Front. Public Health, 04 October 2023
Sec. Environmental Health and Exposome

The association between perchlorate in drinking water and height and weight of children and adolescents in Southwest China: a retrospective cross-sectional study

Hongyu Guo&#x;Hongyu Guo1Shimiao Zong&#x;Shimiao Zong2Li Yong&#x;Li Yong1Yang JiangYang Jiang1Ling QinLing Qin1Liang ZhouLiang Zhou1Qiaoqiao RenQiaoqiao Ren1Xufang GaoXufang Gao3Fayang KangFayang Kang4Wei HuangWei Huang5Jianyu Chen
Jianyu Chen1*Li Zhang
Li Zhang1*
  • 1Sichuan Provincial Center for Disease Control and Prevention, Chengdu, China
  • 2School of Public Health, Chengdu Medical College, Chengdu, China
  • 3Chengdu Center for Disease Control and Prevention, Chengdu, China
  • 4Guangyuan Center for Disease Control and Prevention, Guangyuan, China
  • 5Zigong Center for Disease Control and Prevention, Zigong, China

Objective: To investigate the association between the concentration of perchlorate in drinking water and the height and weight of children and adolescents in Sichuan Province.

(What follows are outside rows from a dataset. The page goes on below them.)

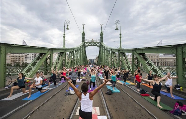 Jógázók a lezárt Szabadság-hídon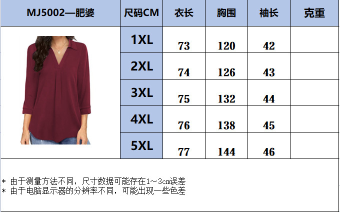 2025 трансграничный Amazon, новый европейский и американский шифоновый женский пуловер большого размера, свободная рубашка с v-образным вырезом и рукавами три четверти, топ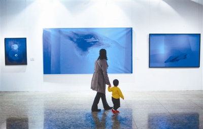 近日,“视域之外”意大利当代艺术展在北京中华世纪坛艺术馆开幕,现场共展出25位意大利当代艺术家的50件作品。据了解,此次展览以“视域之外”为主题,旨在探讨艺术家们在艺术创作之外的跨文化意义,让观众对意大利的当代艺术面貌有一个全新的认识。图为观众正在观看展览作品。
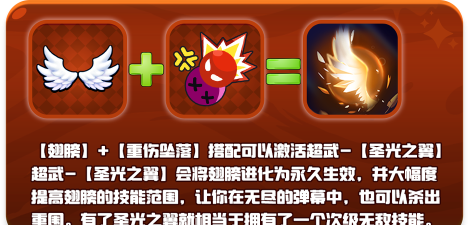 【翅膀】+【重伤坠落】搭配可以激活超武-【圣光之翼】,超武-【圣光之翼】会将翅膀进化为永久生效,并大幅度提高翅膀的技能范围,让你在无尽的弹幕中,也可以杀出重围。有了圣光之翼就相当于拥有了一个次级无敌技能。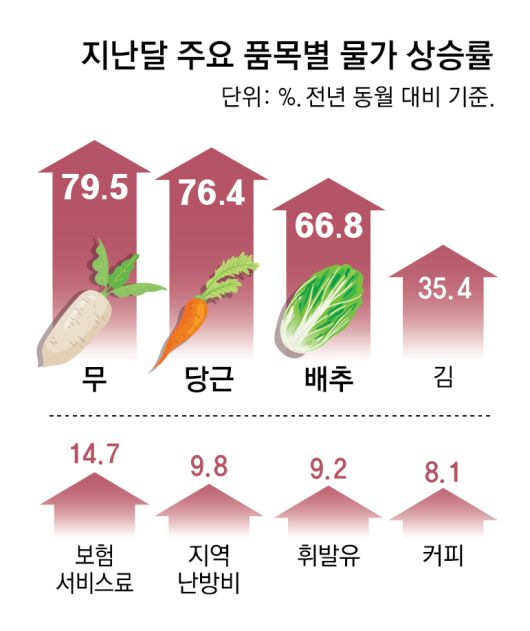 전체 농축수산물 물가는 1.9% 상승했지만 채소류(4.4%)와 축산물(3.7%), 수산물(2.6%) 모두 전체 물가 상승률을 웃도는 상승 폭을 보였다. 특히 무 값은 전년보다 79.5% 뛰었고, 배추 값은 66.8% 오르며 2022년 10월(72.5%) 이후 2년 3개월 만에 가장 큰 폭의 상승률을 보였다. 기상 악화로 산지 출하 물량이 감소한 게 큰 영향을 미쳤다. 정부는 ‘금(金)값’이 된 배추 가격을 잡기 위해 중국산 배추를 수입해 국내 시장에 공급할 예정이다. 김은 35.4% 올라 1987년 11월(42%) 이후 37년 2개월 만에 최고 상승률을 보였다.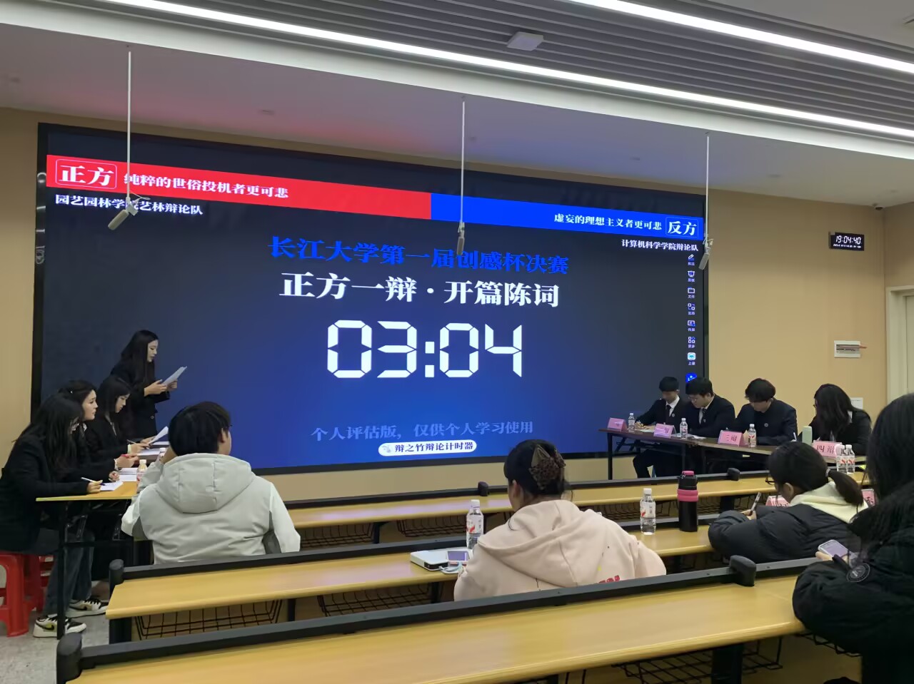 比賽現(xiàn)場(chǎng),我院辯論隊(duì)(反方)與園藝園林學(xué)院辯論隊(duì)(正方)圍繞“純粹的世俗投機(jī)者更可悲/虛妄的理想主義者更可悲”展開深度博弈,從“個(gè)體價(jià)值的異化”到“社會(huì)秩序的消解”,雙方攻防密集、火花四濺。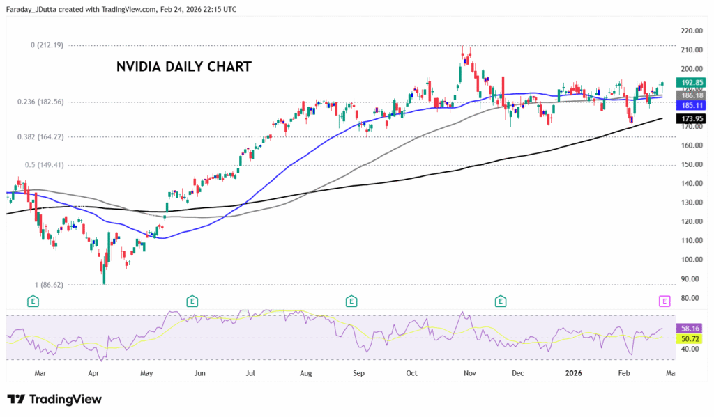 Options markets predict NVDA could move 4.8% in the trading session after the release. The stock has risen 18x in the three years since ChatGPT went public in late 2022. But it has stalled lately (+2% in 2026) and is in the bottom half of the Mag 7 over the last six months. Prices have traded in a range for some time between $164 and $195 with the upside breakout to the record high at $212.19, the only major move. Otherwise, prices have traded around the 50-day and 100-day SMAs at $186.16/17 in recent weeks. The 200-day SMA sits at $173.95 while initial resistance resides just below $195.
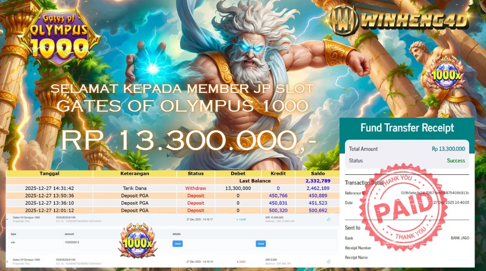 Selamat kepada User ID : BER***YA Telah berhasil mendapatkan kemenangan besar pada Permainan JP SLOT GATES OF OLYMPUS 1000 Dengan … Baca selengkapnya...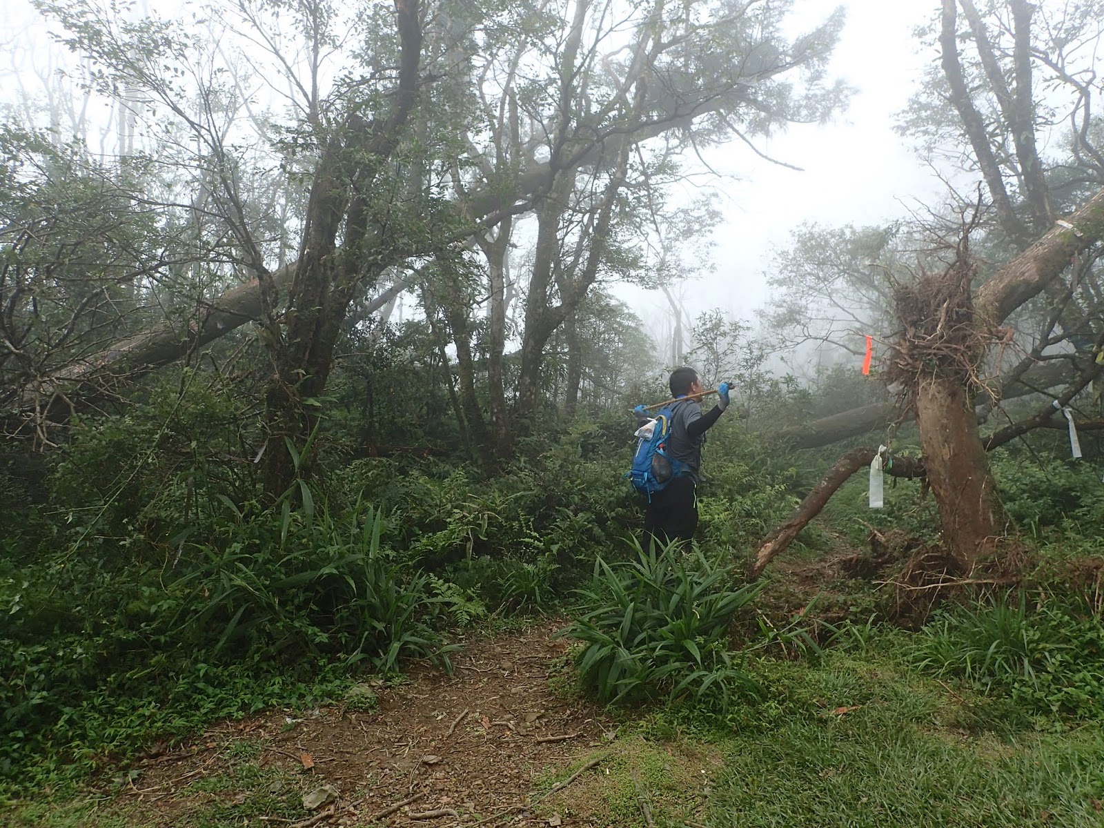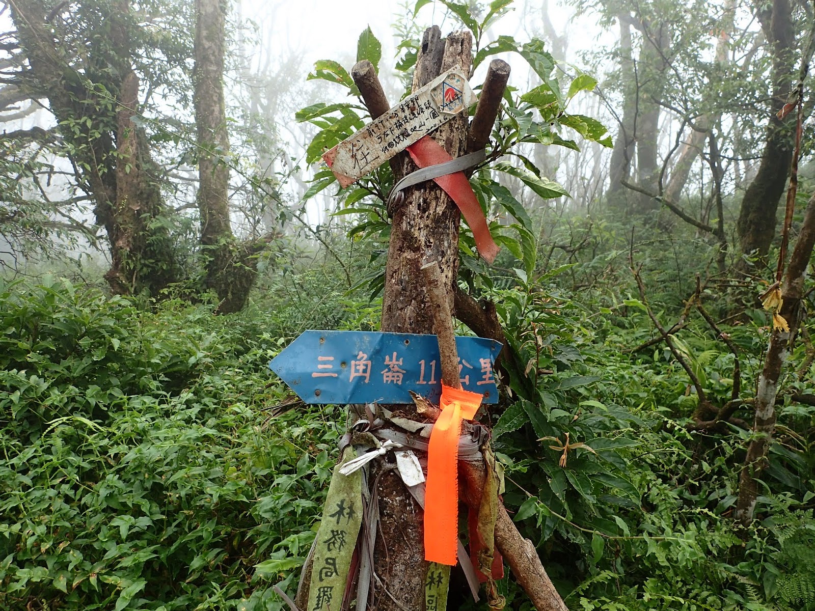 往烘爐地山指標在地上, 後面樹上還綁著登山隊的路標

Methods: Perchlorate in the drinking water of 24 counties in Sichuan Province from 2021 to 2022 was detected and analyzed, 66 drinking water samples were collected, and the content of perchlorate in drinking water during the wet season and dry season was detected by ultra-high performance liquid chromatography in series. The linear mixed effect model was used to estimate the relationship between perchlorate in drinking water and the height and weight of 144,644 children and adolescents, and 33 pieces of local average wage data were used as confounding factors for quality control.

Results: After controlling the age, gender, and local economic situation, we found that the concentration of perchlorate in drinking water increased by 10 μg/L is associated with a 1.0 cm decrease in height and a 1.6 kg decrease in weight in children and adolescents (p < 0.05).

Conclusion: The concentration of perchlorate in drinking water may be negatively correlated with the height and weight of children.

Background

Perchlorate exists in abundance in the environment; it can be found in components of the environment that include water, soil, and the chemosphere (1). The functional group of perchlorate is ClO4, which can bind cations and exhibits high stability (2). The existence of perchlorate in the environment comes from two sources: one is natural, such as natural minerals; and the other is man-made, such as rocket fuel or fertilizer (3). The combination of human and non-human activities leads to the accumulation of perchlorate in the environment and exposure, which is extremely stable in the environment. Due to its solubility and stability, it is easy to migrate to soil, water, and plants. The presence of perchlorate in the environment is a potential health risk for people who eat perchlorate contaminated food and water (4).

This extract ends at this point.